Tuesday, June 10, 2014

The Lost Weekend 2: Electric Booze-a-loo

Film: Smash-Up, the Story of a Woman
Format: Internet video on laptop.

There are members of my family who are more than a little bit drinky. This more than anything else is the reason that I don’t drink much myself. I’m a drink or two per month guy. Part of this is because I genuinely like booze, so I realize that letting myself drink too much would be something easy to do. That being the case, movies about alcoholism are always interesting to me. It’s one of the reasons I like The Lost Weekend as much as I do. So when Smash-Up, the Story of a Woman showed up online, I figured it would be an interesting way to spend the night.

We begin with Angelica Evans (Susan Hayward), an up-and-coming lounge singer. Angelica is slowly building her career, but takes a minor left turn when she gets married to Ken Conway (Lee Bowman), a singer in his own right, but one who can’t get a job to save his life. He and his friend Steve Nelson (Eddie Albert) write songs and pitch them when they can, but in the early going, it’s Angelica who is supporting the family. Eventually, Ken gets a job singing cowboy ballads on the radio. One day, he belts out a song he wrote for Angelica. As it happens, he sings this on the day she is giving birth to their child.

The ballad proves to be exactly what Ken’s career needed, and suddenly he’s becoming quite the crooning star. He’s also suddenly got his own prime-time radio show, which allows him to put Angelica and their daughter in the lap of luxury. With her own career on hold and forced into social situations with people she doesn’t know, Angelica starts hitting the bottle and hitting it hard. Part of this is boredom. Part of this is being uncomfortable. A big part of it is Martha Gray (Marsha Hunt), the secretary of Ken’s manager. Angelica is convinced that Ken is having an affair with Martha, and it’s soon evident that Martha has fallen for the crooner’s charms.

It’s worth noting that it doesn’t take us long to go from everything being fine to Angelica being a complete lush.

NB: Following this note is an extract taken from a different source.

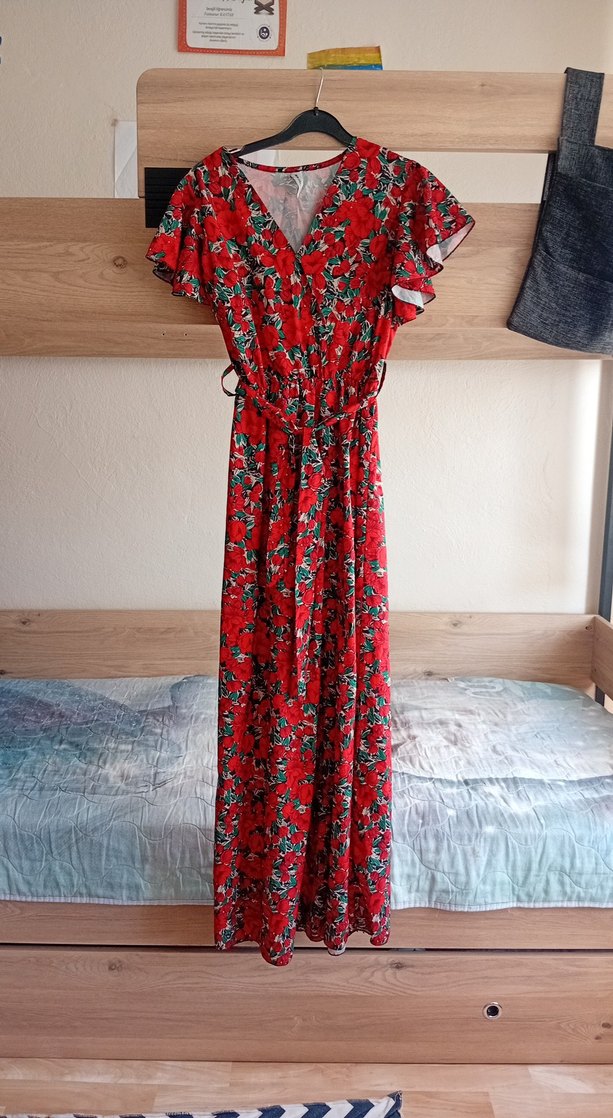Renkli kırmızı uzun elbise, bol kesim, drapeli kumaş, askılı kollar ve V yakaya sahip, romantik akşamlar için uygundur.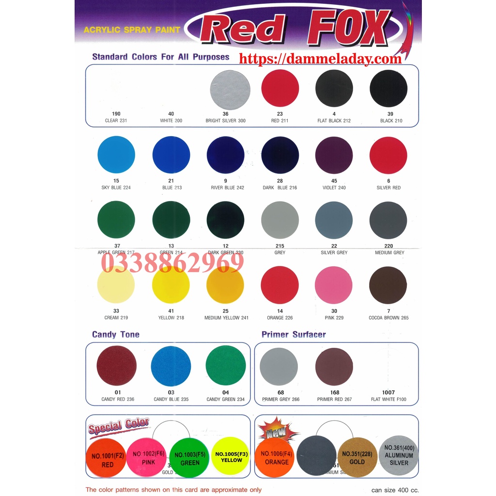 Sơn xịt Redfox– Nhập khẩu Thái Lan.bạn có thể tham khảo tại web: dammeladay.com

At first, her drinking comes in the form of social courage, drinking at the parties and receptions being held by and for Ken. Soon after, though, she’s drinking in the morning and drinking until she passes out. Eventually, Ken has had enough of her and while she is in a drunken stupor, she kicks him out of the house. He leaves, and when she wakes up the next morning, she has no idea or memory of what has happened. Worse for her, Ken takes the baby when he leaves.

This sends Angelica into a death spiral, both wanting her career back and falling right back into a bottle the moment there is any setback or reminder of Ken or her daughter. It’s not too long before she hits rock bottom, passing out in the street and being cared for specifically by the kindness of strangers.

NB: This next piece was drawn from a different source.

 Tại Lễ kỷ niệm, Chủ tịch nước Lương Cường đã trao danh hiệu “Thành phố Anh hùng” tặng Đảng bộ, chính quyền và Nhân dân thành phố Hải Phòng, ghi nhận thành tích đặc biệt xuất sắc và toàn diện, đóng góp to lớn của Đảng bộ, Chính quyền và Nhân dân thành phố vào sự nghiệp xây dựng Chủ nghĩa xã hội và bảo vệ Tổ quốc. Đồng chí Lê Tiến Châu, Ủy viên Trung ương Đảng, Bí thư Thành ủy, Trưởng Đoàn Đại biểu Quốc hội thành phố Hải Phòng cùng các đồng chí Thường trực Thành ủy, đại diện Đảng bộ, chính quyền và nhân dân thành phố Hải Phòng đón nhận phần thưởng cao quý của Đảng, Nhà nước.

There are a number of things to talk about here, most of them pretty positive, which is always a nice surprise. The first is the performance of Susan Hayward for which she was nominated for an Oscar. It’s a damn fine performance, filled with just the right amount of pathos and just enough reality to make it a really good performance. While she’s naturally gorgeous in many of the scenes, she’s also willing to show herself disheveled and looking like a couple of miles of bad road. That’s critical to the film. Without her looking like she’d been on a bender every night, there’d be no reason to actually buy into the most significant plot point. It’s a good role, one with teeth, and she jumps into it with both feet. For what it’s worth, this is my first Susan Hayward film, and I’m suitably impressed and happy that I’ve got a handful more of them on my list.

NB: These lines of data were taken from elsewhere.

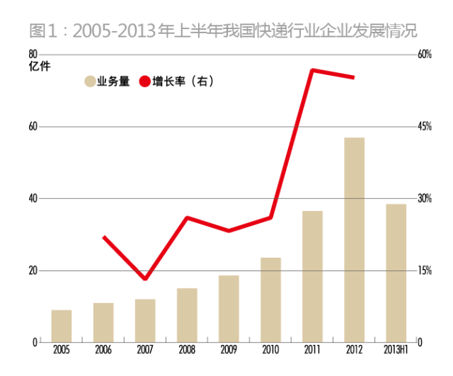 所谓时势造英雄,王卫在完成顺丰集团业务整合后,便赶上了中国快递行业的飞速发展期,特别是近几年电子商务的快速发展,为快递行业带来新的业务增长点。国家邮政局统计数据显示,2005年至今,我国快递行业保持着较快的增长速度。2012年全国规模以上快递服务企业业务量同比增长55%;快递业务收入完成1055.3亿元,同比增长39%;2013年上半年,业务量累计完成38.4亿件,业务收入累计完成629.8亿元(图1)。顺丰集团在王卫的带领下,也走上了快速发展的康庄大道。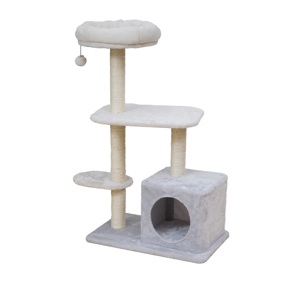 Für Katzen ist ein Kratzbaum sehr wichtig, um ihre Krallen zu pflegen und ihr Revier zu markieren. Der EBI Salinas Kratzbaum ist aus weichem Plüsch in Weiß und Grau gefertigt und verfügt über vier robuste, mit starkem Sisal umwickelte Kratzbäume. Auf dem Salinas befindet sich ein bequemer Korb, der sowohl als Sicht- als auch als Schlafplatz dienen kann. Außerdem ist der Kratzbaum mit einem Katzenhaus ausgestattet, das sowohl zum Verstecken als auch zum Ausruhen geeignet ist! Zu guter Letzt hängt an der Spitze ein kleiner Ball mit einer Glocke, mit dem Ihre Katze viel Spaß haben wird!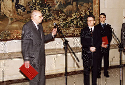 Uroczystość wręczenia prof. W. Bartoszewskiemu pierwszego formularza wniosku o udostępnienie dokumentów zbieranych przez służby specjalne PRL. -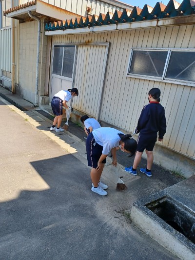 6月2日(木)午後から岩瀬校区の清掃活動を行いました。校舎周辺清掃の担当の生徒たちは、普段なかなかできない場所の清掃をしたり、花壇の花植を行ったりしました。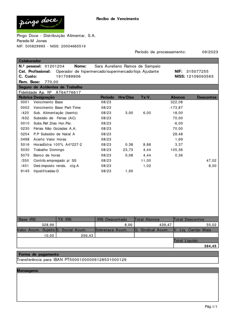 Cat. Profissional: Operador de hipermercado/supermercado/loja Ajudante NIF: 315077255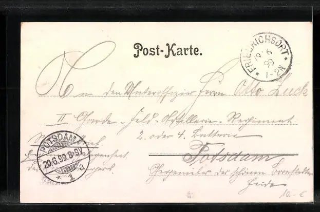 alte Ansichtskarte, gelaufen als Soldatenkarte 1899, guter Zustand

I’m also pretty impressed with Eddie Albert, who is sort of always going to be the “Green Acres” guy to me. He’s pretty effective here. He plays a completely realistic guy torn between his friend and his friend’s wife. He’s easy to like. Lee Bowman, who evidently isn’t important enough to get his own picture on IMDB is also worth a mention. While he plays kind of a hard ass and he’s almost a stereotype of the era (blocky head, pencil mustache, etc.), I have to hand it to the guy; if it’s his real voice featured, the man could carry a tune as well as anybody in the movies in the 1940s. As an actor, he’s serviceable, but since this is Susan Hayward’s picture, that’s really all he needs to be.

The biggest issue here is that Smash-Up, the Story of a Woman doesn’t earn its ending. It’s a feature (not a bug) of films of the era that we need to have the uplifting, happy ending. This one simply doesn’t wash. There are ways to get a happy ending out of this story or at least something like a satisfying ending, but the one we get is far too pat and far too easy. I chalk that up to its era. With a better ending, this would be unforgettable. As it stands, it’s merely worth seeing.

Why to watch Smash-Up, the Story of a Woman: It goes places even The Lost Weekend doesn’t go.
Why not to watch: It doesn’t earn its ending.